FORMATION OF A NATIVE-LIKE SUBDOMAIN IN A PARTIALLY FOLDED INTERMEDIATE OF BOVINE PANCREATIC TRYPSIN-INHIBITOR

In the folding of bovine pancreatic trypsin inhibitor (BPTI), the single-disulfide intermediate [30-51] plays a key role. We have investigated a recombinant analog of [30-51] using 2-dimensional nuclear magnetic resonance (2D-NMR). This recombinant analog, named [30-51](Ala), contains a disulfide bond between Cys-30 and Cys-51, but contains alanine in place of the other cysteines in BPTI to prevent the formation of other intermediates. By 2D-NMR, [30-51](Ala) consists of 2 regions - one folded and one predominantly unfolded.

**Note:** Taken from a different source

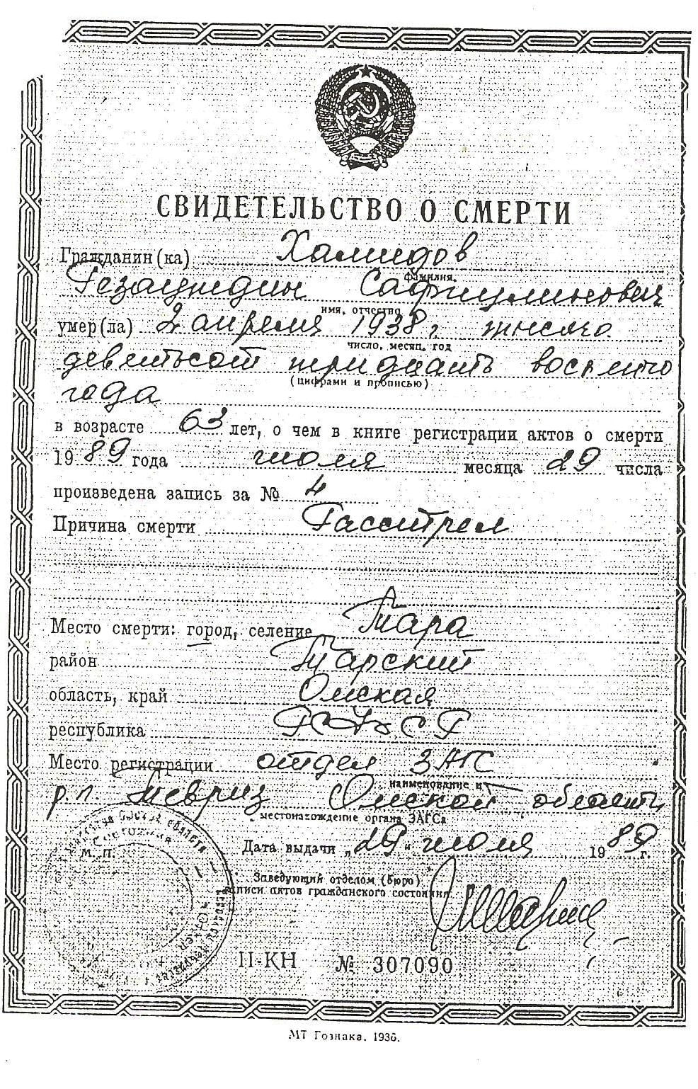 Свидетельство о смерти Ризаэтдина Хамидова

The folded region resembles a previously characterized peptide model of [30-51], named P alpha P beta, that contains a native-like subdomain with tertiary packing. The unfolded region includes the first 14 N-terminal residues of [30-51] and is as unfolded as an isolated peptide containing these residues. Using protein dissection, we demonstrate that the folded and unfolded regions of [30-51](Ala) are structurally independent. The partially folded structure of [30-51](Ala) explains many of the properties of authentic [30-51] in the folding pathway of BPTI. Moreover, direct structural characterization of [30-51](Ala) has revealed that a crucial step in the folding pathway of BPTI coincides with the formation of a native-like subdomain, supporting models for protein folding that emphasize the formation of cooperatively folded subdomains.